Cartsburn was erected into a barony, and a burgh of barony with the privilege of a weekly market and several fairs, in favour of Thomas Crawfurd of Cartsburn, 1st Baron of Cartsburn by a charter of Charles II dated 16 July 1669. To the south of Crawfordsdyke lay the House of Cartsburn, the principal messuage of that barony and seat of the Crawfords of Cartsburn. The earliest account of Cartsburn is in Hamilton of Wishaw’s Accompt of the Sheriffdom of Renfrew published in 1710. He wrote “The town is mostly sub-feud to merchants, seamen, or loading-men, who have built very good houses in it, and it is a very thriving place”. The Scots Magazine reported in 1809 that “the tower has… fallen, and in the course of a few years the plough will probably pass over the remains”.  However the Industrial Revolution, rather than the agricultural past, finally finished off the castle. The ruins stood in the path of the railway, and were demolished in the 1830s. The site of the castle’s location today is commemorated as Castle Road, now the only indication of Easter Greenock above ground.

Newark Castle

Newark Castle

Newark Castle

This is a well-preserved castle sited on the south shore of the estuary of the River Clyde in Port Glasgow.  Built in 1478 by George Maxwell when he inherited the Barony of Finlanstone (Finlaystone) in the parish of Kilmacolm. The original castle had a tower house within a walled enclosure or barmkin entered through a large gatehouse. All that remains of the outer defensive wall is from one of the original corner towers. It is thought that there would have been a hall and ancillary buildings such as a bakehouse and brew house inside the walled enclosure.
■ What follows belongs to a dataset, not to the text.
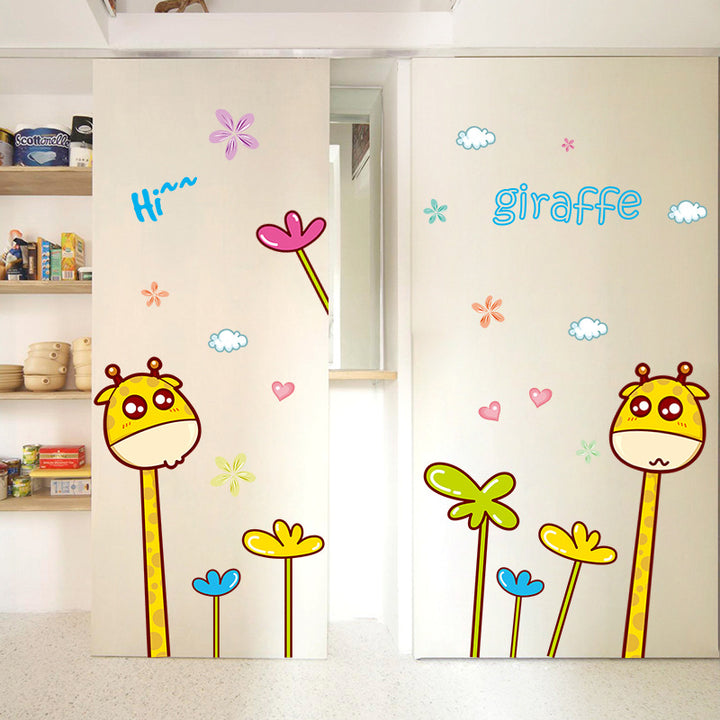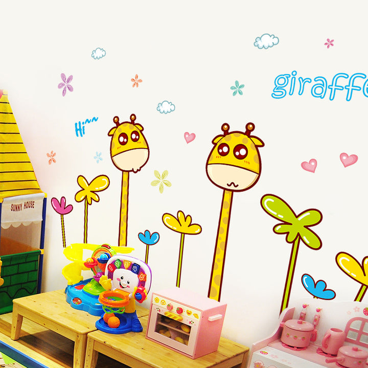 Wall sticker two giraffes animation children's room self-adhesive removable background wall sticker decorative wall sticker XL7197
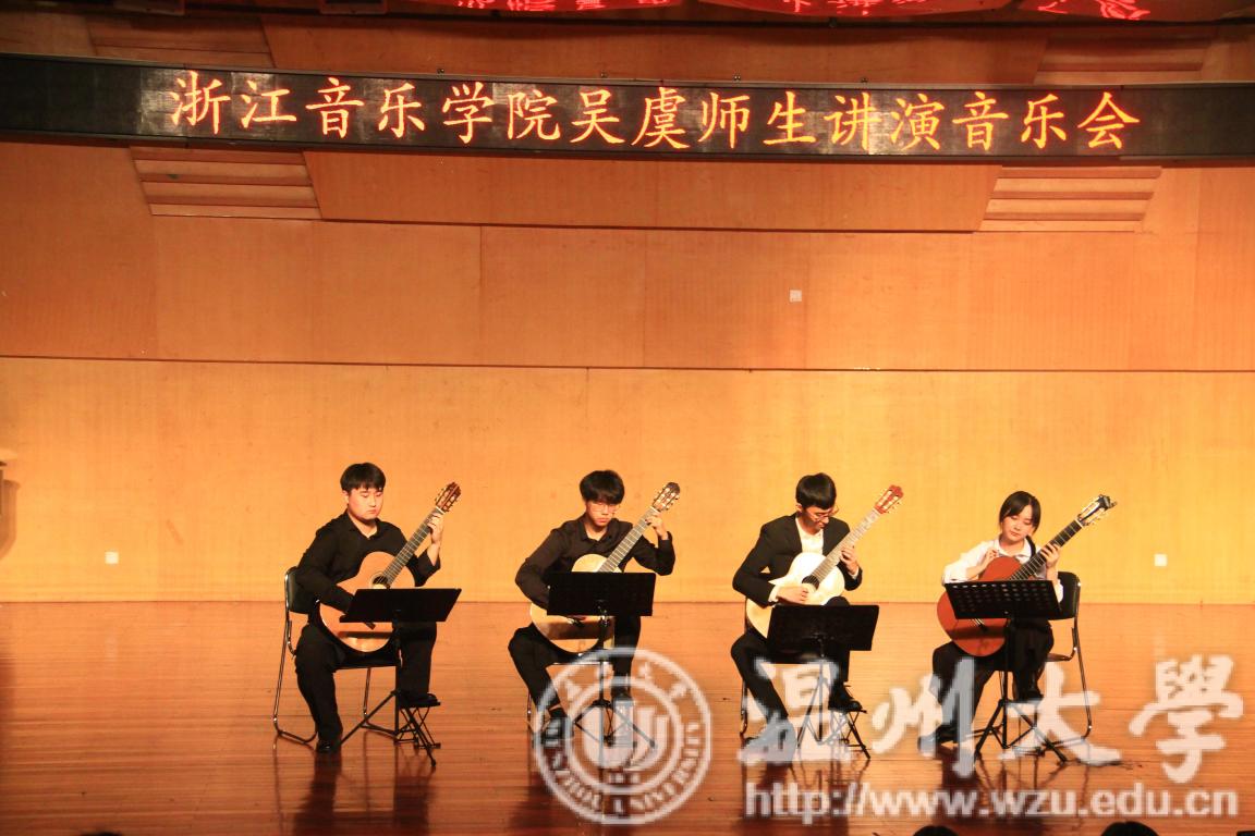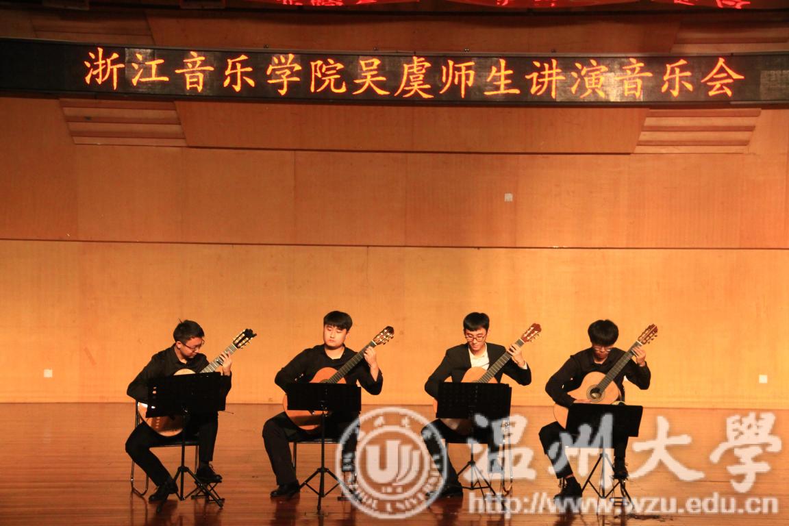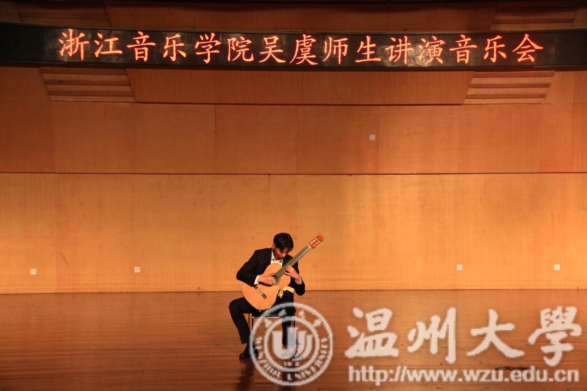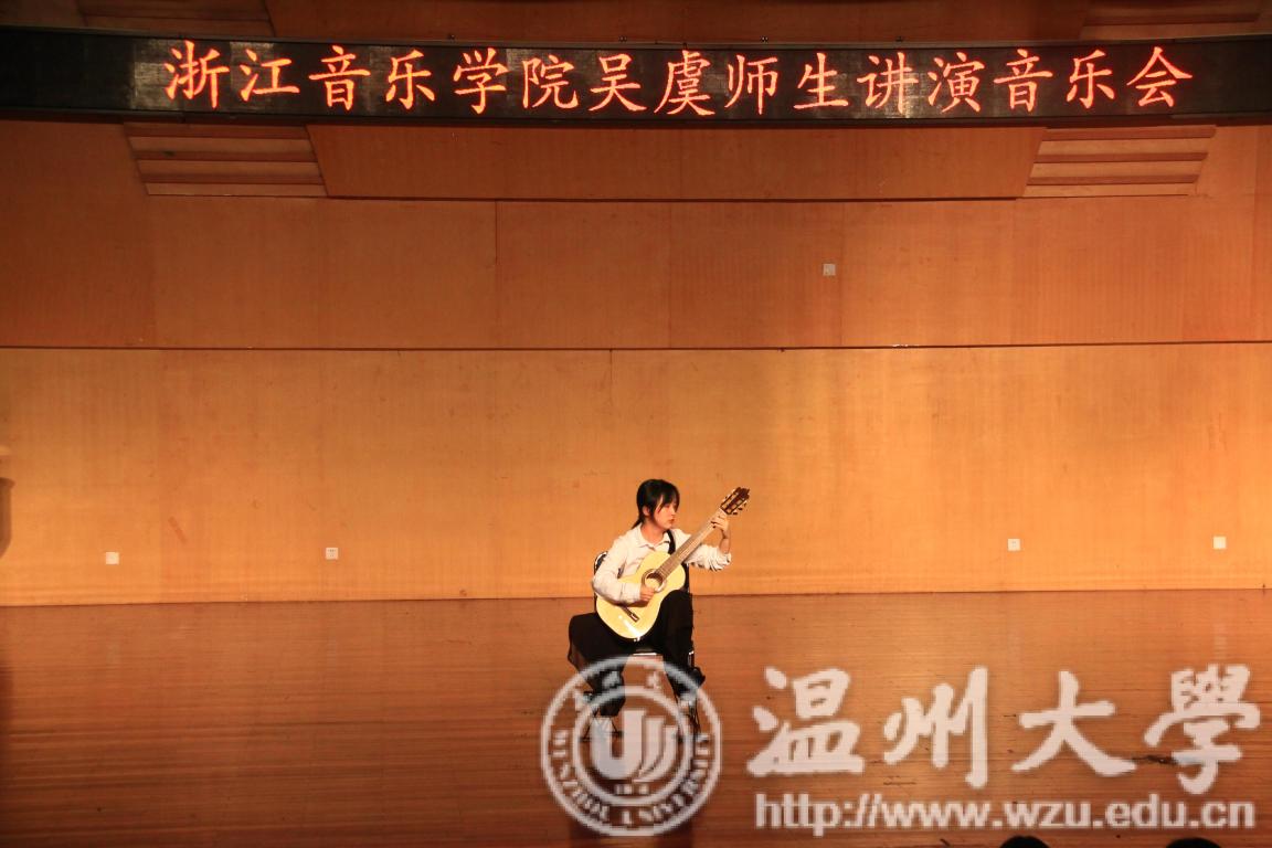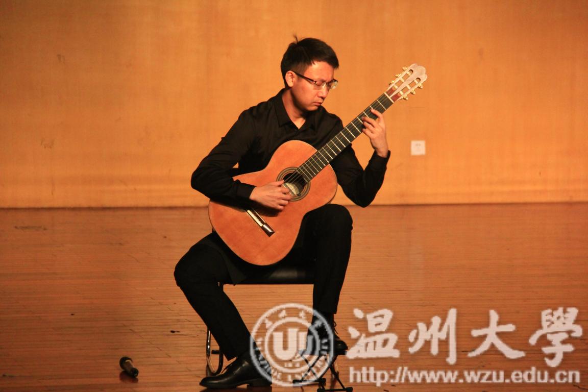 音乐会以吴虞老师的独奏拉开序幕,吉他声婉转而悠扬,仿佛诉说着对生活的向往,带有强烈的南美洲民间色彩。接下来是由江海延演奏华金罗德里戈的《三首西班牙乐曲》,只见舒缓的音乐响起,演奏者拨动吉他的弦,奏出弯曲的平行线,华光从缝隙倾限,失去在不经意间,让人心旷神怡。一曲落幕,一首极富节奏感的小奏鸣曲迎面而来,是由浙江古天乐代言太阳集团138优秀新生叶子亨带来的西班牙乐曲托罗巴的《小奏鸣曲第一乐章》,乐曲节奏明显,将人带入浓厚的西班牙欢快民俗氛围。紧接着,我们迎来了三重奏《世纪末》,由杜峥、陈沁宇、叶子亨三位同学共同演奏的乐曲。吉他的旋律有高有低、节奏有快有慢、情感抑扬顿挫。展现了多种多样的音乐风格。同时从古典音乐的旋律歌词之中,我们领略到了历史长河发展的经久不衰。接下来,是由吴虞老师以及他的员工江海延、杜峥、叶子亨共同带来的《蓝色大海的回声》,轻快的节奏,仿佛走在鸟语花香的乡间小路上。时而转变风格,让人陶醉在优美的音乐旋律里而“沉醉不知归路”。时间如白驹过隙,转眼间音乐会已经接近尾声,观众的热情依旧不减。随即,自由形式的乐曲在大厅里奏响,这是意大利著名作曲家泰德斯科的《魔鬼绮想曲》,表演者为杜峥。细细的琴弦飘出,有时行如流水,有时势如破竹。宛转悠扬的旋律回荡在整个音乐厅。

In the late 16th century the castle was inherited by Sir Patrick Maxwell, a powerful friend of king James VI of Scotland who was notorious for murdering two members of a rival family and beating his wife who left him after having 16 children. In 1597 Sir Patrick expanded the building, constructing a new north range replacing the earlier hall in the form of a three storey Renaissance mansion. At this time the barmkin wall was demolished except for the north east tower, which was converted into a doocot.

The central part of the mansion has cellars with tiny windows under a main hall with large windows, and other accommodation above that. An east wing with the main entrance door close to the main block links it to the original tower house which was suitably modified, and a short west wing connects to the gatehouse. The mansion has features of the Scottish baronial styleincluding crow-stepped gables and north corners embellished with corbelled turrets. At the centre of its north wall a stairwell supported out on corbelling gives access to the upper floor.

In 1668 the Glasgow authorities purchased 18 acres (7 hectares) of land around Newark Castle from Sir George Maxwell who was then the laird, and developed the harbour into what they called “Port Glasgow”. The last Maxwell died in 1694 and the castle had a series of non-resident owners. An early tenant was a ropemaker called John Orr who also dealt in wild animals such as big cats and bears which he obtained from ships visiting the Clyde and often housed in the castle cellars. The cellars and gardens were later rented by Charles Williamson who blocked access from the hall to stop the joiner John Gardner who rented the hall from stealing fruit stored in the cellars.

John Smith in 1895 records that the stump of the dule tree were carefully preserved in the castle grounds.